Open-Water Training Sessions
Do organised open-water sessions hold the key to faster racing? Emma-Kate Lidbury finds out...
Open-water swimming is often the most daunting part of a triathlon, especially for newcomers. With cold water, tight wetsuits and murky lakes to contend with, it’s not surprising first-timers, not to mention more experienced athletes, can become panic-stricken in the water come race day.
However, by regularly putting into practice the advice in our open-water series (207-209), and using the excellent open-water swim coaching and facilities in the UK, there’s no reason why even the most nervous of swimmers can’t overcome their fears.
Almost all of the coached sessions are modestly priced and professionally run, so your wallet won’t be hit hard on your quest to becoming a proficient open-water swimmer.
Safety first at Heron Lake
Heron Lake, in Wraysbury, Middlesex, is typical of the many venues offering open-water swimming and coaching facilities. It’s open from late April to September and provides swimmers from all over the south east with showers and changing facilities, a café, children’s play area and the option of nearby budget accommodation.
There are also 10 turbo trainers for anyone wishing to do a swim-bike brick session, along with plenty of space for practising swim exits and transitions. It’s open Tuesdays, Wednesdays, Saturdays and Sundays from 6am until 9am.
220 dropped in on one such session to see what you can expect to find. Martyn Edwards, Managing Director of SBR, and his staff ensure everything at the Heron Lake sessions runs to plan.
“Safety is paramount,” he says, “andwe’ve made it physically impossible for swimmers to enter the water without signing in first. They also have to sign a waiver disclaimer form.
“Those swimming at the lake for the first time are briefed on rules and regulations, and it’s recommended they follow the shorter 400m lap rather than the longer 900m one. There are always at least two kayaks on the water and, at busy times, a speed boat, too.”

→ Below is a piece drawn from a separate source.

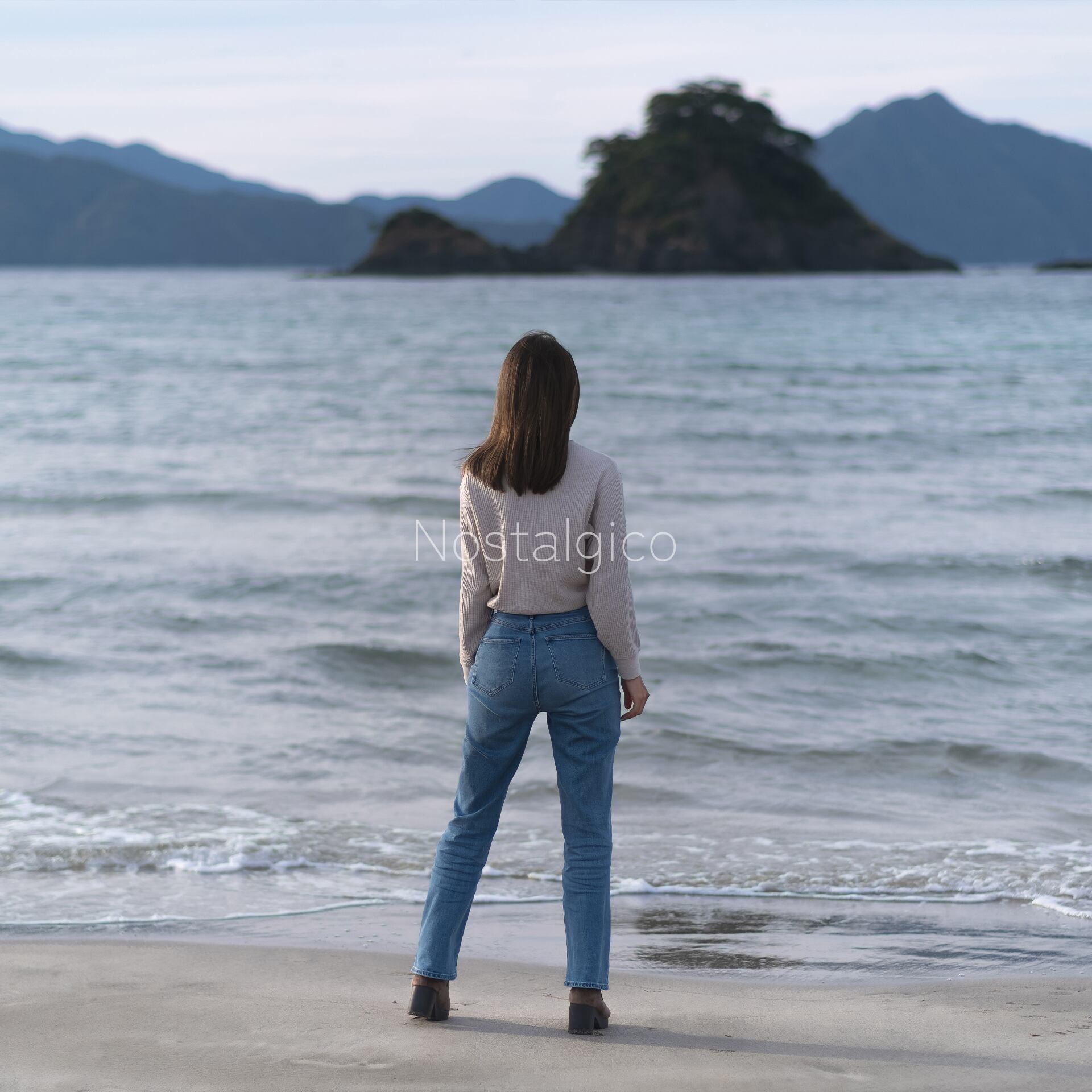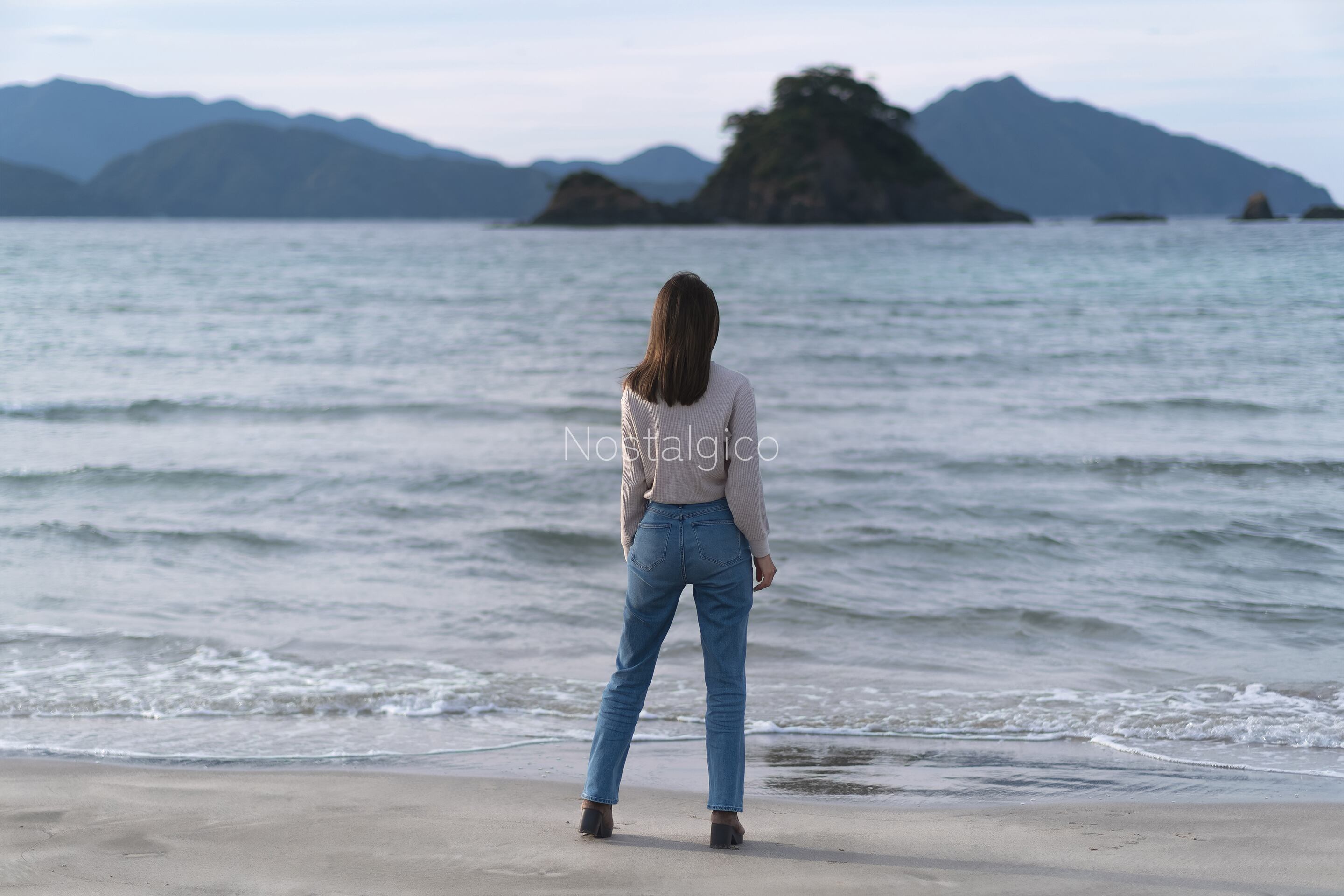 秋の海の砂浜を眺めるフレアジーンズをはいた女性(福井県 若狭和田ビーチ)

Once signed in, all swimmers are free to take the plunge and follow their own session, but are always asked to ‘buddy up’, as no one is allowed to swim alone. Checks are made of the lake at the end of each session and swimmers aren’t allowed in after 8.45am.
A member of staff can accompany swimmers into the water on their first visit or if they’re particularly nervous, and it’s advised that they join in with coached sessions, regularly taken by Rick Kiddle.
Kiddle, an experienced coach and former elite triathlete (and occasional 220 contributor), runs three different levels of sessions at Heron Lake. Level-one sessions are aimed at anyone who has never swum in open water before or for those (fast or slower) swimmers with a fear of open water. Level-two sessions are for swimmers who have raced in open water and are after further coaching.
It was one of these sessions that 220 followed…
Session breakdown
The session lasts about 90mins, and begins with some basic theory on topics such as choosing a wetsuit, transition, breathing, sighting, drafting and turning. Swimmers are paired up according to ability, which is assessed from a competency form filled out beforehand, and do some loosening-up exercises prior to entering the water.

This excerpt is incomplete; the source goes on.